Добра пора, туман – труха, вода мудра в реке. А что мы смыслили в грехах, а что в гидравлике? Да не словечка в простоте, моя прекрасная; Какая чушь, зато хоть тема безопасная.

Мы все поймем, мы обойдем, мы впредь условимся, Не то за старое начнем, не остановимся. Грехи – как камни из реки – сосет под ложечкой. Не отпускай мне все грехи, оставь немножечко.

Дал течь кораблик, стал тонуть, стоял и протекал.
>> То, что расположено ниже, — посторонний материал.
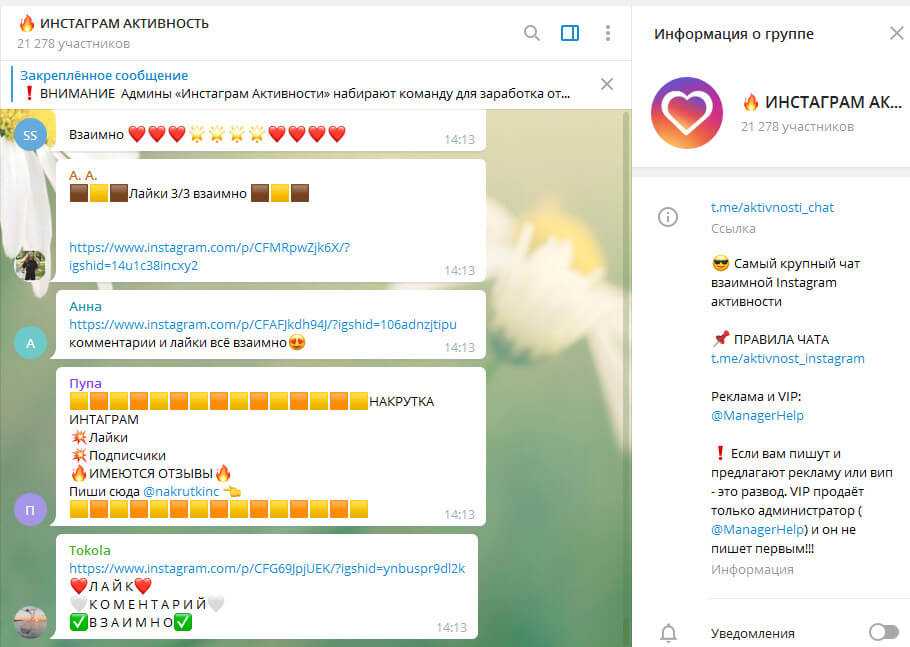 Другой вариант – чаты активности. Они есть в Инстаграм, Telegram, WhatsApp и Viber. Это способ набрать ответы и лайки к фото от живых пользователей. Необходимо выполнить действия как минимум для трех пользователей, чтобы получить взаимные реакции. Если задания не выполнять, в чате заблокируют. Также за слишком активную деятельность в чужих профилях на ваш аккаунт могут наложить временный бан.

Мы все спасались как-нибудь, кончалась практика. Я ж отпустил синицу вновь, ловя журавлика, Вот весь и грех, и вся любовь, и вся гидравлика...

Зачем чего-то объяснять, давно все понято, И неудобно как-то ждать, когда прогонят-то. Тони, корабль, лети журавль, а мы бескрылые. Сокрой, туман, катамаран. Прощайте, милые.

1982

* * *

Любить... не стоит труда.

Лермонтов.

Любовь, как истина, темна и, как полынь, Горька. И соль все солонее с каждым пудом. Пора менять пейзаж. Нельзя же быть верблюдом Весь век, ad finem, до последнего "аминь".
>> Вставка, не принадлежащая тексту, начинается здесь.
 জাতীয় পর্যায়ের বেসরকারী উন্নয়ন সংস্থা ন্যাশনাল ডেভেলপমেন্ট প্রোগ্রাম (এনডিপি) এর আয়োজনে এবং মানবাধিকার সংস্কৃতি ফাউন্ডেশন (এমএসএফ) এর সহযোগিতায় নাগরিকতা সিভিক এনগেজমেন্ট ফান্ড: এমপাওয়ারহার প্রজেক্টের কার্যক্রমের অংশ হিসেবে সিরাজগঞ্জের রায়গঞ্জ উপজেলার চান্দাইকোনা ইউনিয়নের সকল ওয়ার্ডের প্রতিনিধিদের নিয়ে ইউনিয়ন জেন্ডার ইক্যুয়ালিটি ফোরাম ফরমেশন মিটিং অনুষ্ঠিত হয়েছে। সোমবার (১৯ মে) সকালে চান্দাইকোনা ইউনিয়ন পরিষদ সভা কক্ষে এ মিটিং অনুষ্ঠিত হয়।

Конца не будет череде ученых книг. Словарь в пустыне – невеликая подмога. Блажен, кто духом тверд и в истину проник. Но истин много, много...

Порой Фортуна предо мною, как во сне, Встает – и вижу, что глаза ее незрячи. Дразня обилием, из года в год богаче, Ее сокровища подмигивают мне.

Краду!.. В наш век один ленивый не крадет. Беру запретный плод и звонкую монету. Слепа судьба и даже ухом не ведет. Но счастья нету, нету...

"Воспрянь, – внушает мне мой ангел-проводник, Терпи, полынь пройдет, начнутся цикламены. Равно полезен мед любви и яд измены Тому, кто духом тверд и в истину проник."

"Ты прав, – киваю я, – Измена пустяки. Любовь важней, но и она трудов не стоит..." И взор мой весел, и стопы мои легки. Но сердце ноет, ноет...

МАЛЕНЬКАЯ ХОЗЯЙКА

Никто из нас не знал надежнее лазейки Из царства холодов в республику тепла: Мы собирались все у маленькой хозяйки, Она была всегда мила и весела. И в долгий летний день и в зимний день короткий Неведомо за что сьедали нас дела: Но вечером мы все у маленькой красотки Сходились,и она всегда была мила.

Сходились голоса, сплетались интересы, Не портила бесед ни ссора, ни вражда. И все мы вновь и вновь у маленькой принцессы Встречались, и она... она была всегда. Ее любили все – чем дальше, тем сильнее. Никто не знал, когда все это началось, Чем лучше было нам, когда мы были с нею, Тем хуже было нам, когда мы были врозь.

И приближался крах веселой нашей шайки Поскольку где любовь – там ревность и раздор. До некоторых пор у маленькой хозяйки Не видывали ссор, но с некоторых пор Мы, перья распустив, вытягивали шеи, Сверкая в полутьме огнем ревнивых глаз. Чем дальше, тем острей, чем дольше, тем сильнее Претензии росли у каждого из нас.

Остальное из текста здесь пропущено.